1. Energy dissipation-type equalization is achieved by discharging individual cells in the battery pack through parallel shunt resistors connected across each cell. The shunt resistor discharge equalization circuit is the most direct equalization technique. This technique discharges the cells with higher capacity through shunt resistors until all cells have the same capacity.
2. Compared with energy dissipative balancing, energy non-dissipative balancing circuits consume less energy but have a more complex circuit structure.
① The Flying Capacitor Generator connects a capacitor in parallel with each battery cell. By switching on and off, this capacitor can be connected in parallel to the same battery cell or to an adjacent battery cell. When the voltage of a battery cell is too high, the capacitor is first connected in parallel with the battery cell, so that the capacitor voltage matches that of the battery cell. Then, the capacitor is switched to an adjacent battery cell, and the capacitor discharges into the battery cell, thus achieving energy transfer.

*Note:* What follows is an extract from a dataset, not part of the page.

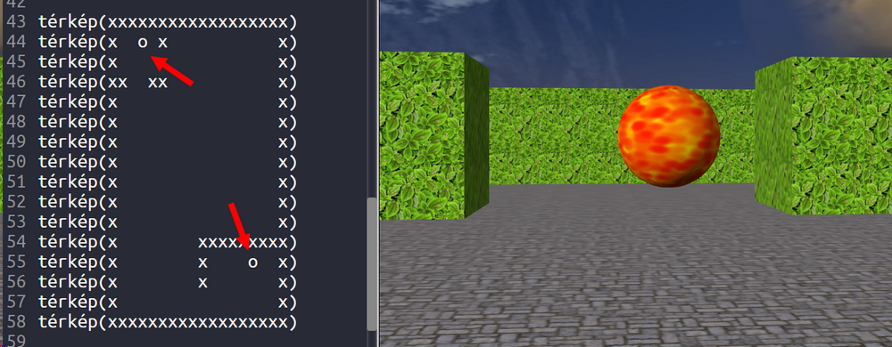 A karakteres térképen az o betűvel tudunk gömböket elhelyezni.
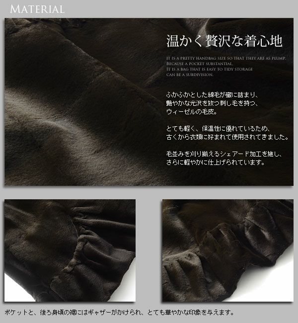 ウィーゼル ギャザー ジャケット カーキブラウン ファー 高級ミンクのBIGセール 7F

② Switched Capacitor Balancing: For a power lithium battery pack composed of n individual cells connected in series, the switched capacitor balancing circuit requires n-1 capacitor elements and 2n switching devices. Taking the inconsistent terminal voltages of individual cells B1 and B2 as an example, there are two states during the control process. The disadvantage of this circuit is that it can only be used for balancing the terminal voltages between individual cells, and it can only realize energy flow between adjacent individual cells. Therefore, when the number of cells connected in series is large, the balancing time is relatively long.
③ The double-layer capacitor equalization circuit is also a derivation and transformation of the switched capacitor circuit. The difference lies in the fact that this circuit uses two layers of switched capacitors to achieve energy transfer between batteries. Compared with the switched capacitor equalization circuit, the advantage of this circuit is that by using the newly added outer switched capacitor, a single battery can not only perform voltage equalization with adjacent single batteries, but also with non-adjacent single batteries, thus improving the equalization speed.
A parallel balancing circuit is added to each individual cell in the battery pack to achieve current distribution. In this mode, when a cell reaches full charge first, the balancing device prevents it from overcharging and converts the excess energy into heat to continue charging the cells that are not fully charged. This method is simple, but it results in energy loss and is not suitable for fast charging systems.
Before charging, each individual cell is discharged to the same level through the same load, and then constant current charging is performed to ensure a relatively accurate balance among the cells. However, for battery packs, due to the physical differences between individual cells, it is difficult to achieve a completely consistent ideal effect after deep discharge. Even if the same effect is achieved after discharge, new imbalances will appear during the charging process.
The individual batteries in the battery pack are tested and charged evenly on a regular, sequential basis. This ensures that no battery in the battery pack is overcharged or over-discharged during charging, thus guaranteeing that each battery is in normal working condition.
By employing the time-sharing principle, additional current flows into the battery with a relatively low voltage through the control and switching of switching components, thereby achieving balanced charging. This method is relatively efficient, but its control is quite complex.
The equalization method uses the voltage parameters of each battery as the balancing target to restore the voltage of each battery to a uniform level. During equalization charging, the capacitor is alternately connected to two adjacent batteries via a control switch, receiving charging from the higher-voltage battery and then discharging to the lower-voltage battery until the voltages of the two batteries tend to be the same. This equalization method effectively solves the problem of voltage imbalance in battery packs, but it is mainly used in situations with a small number of batteries.
The entire system is controlled by a microcontroller, with each individual battery having its own independent module. The module manages the charging of each battery according to a pre-programmed sequence, automatically disconnecting the circuit upon completion of charging. This method is relatively simple, but it significantly increases costs when dealing with a large number of individual batteries and hinders the reduction of system size.